Measurement of Asphalt Pavement Crack Length Using YOLO V5-BiFPN
Publication: Journal of Infrastructure Systems
Volume 30, Issue 2
Abstract
Pavement cracks are a kind of common distress in road service time, and their length measurement is critical for pavement maintenance. The current automatic method of crack length measurement uses segmentation algorithms to obtain crack curves, which is time-consuming and complex. In this study, an effective method of crack length measurement was proposed and validated. The method consists of a detection module based on an object detection algorithm and a length calculation module. To increase the speed and accuracy of crack detection, an improved pavement crack detection algorithm BiFPN-enhanced YOLO V5 (YOLO V5-BiFPN) based on you look only once version 5 (YOLO V5) and bidirectional feature pyramid network (BiFPN) is proposed, and gamma correction was utilized to process pavement images.
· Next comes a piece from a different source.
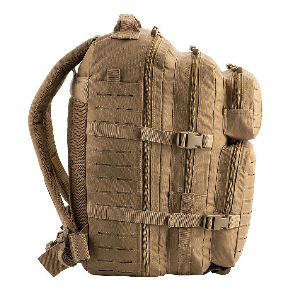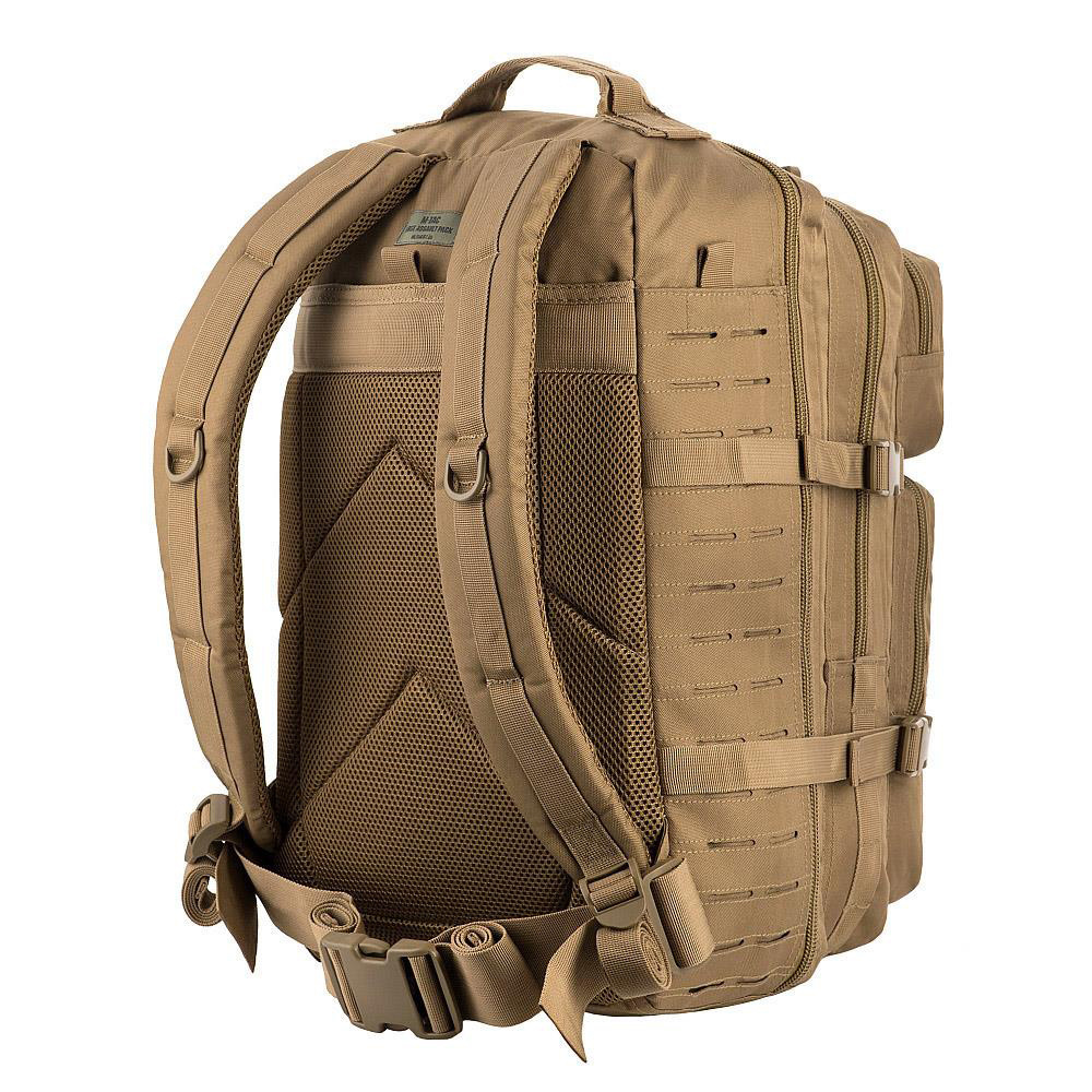M-Tac Rucksack mit Molle-Gurtsystem hat zwei große Hauptfächer mit Reißverschluss. Zwei zusätzliche Reißverschlusstaschen auf der Vorderseite. Die Riemen des Rucksacks sind weich gepolstert und verstellbar. Auf der Rückseite eine große Tasche mit atmungsaktivem Netzgewebe.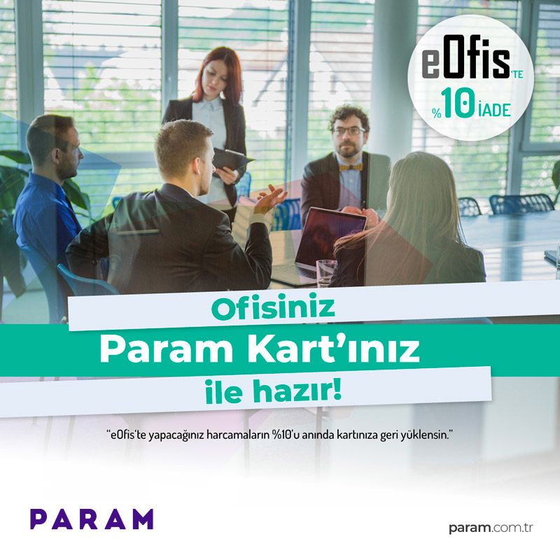 Param Planetpay Kart’ınız ile eOfis’den yapacağınız harcamalarda harcama bedelinizin %10’u Param tarafından ödemeniz sonrası anında kartınıza iade edilecektir.

YOLO V5-BiFPN was tested in a real pavement image data set and achieved remarkable performance. In the length calculation module, the diagonal length of the crack bounding box output by the object detection algorithm can be defined as the crack length. To validate the measurement method, the true value of crack length was obtained from the segmentation data set by skeletonization. The error between the calculation result of the proposed method and the real value is 3.4%, and the average processing time of each image is 14.2 ms. The developed method addresses the problem of considerable time and financial cost associated with the existing crack length measurement methods.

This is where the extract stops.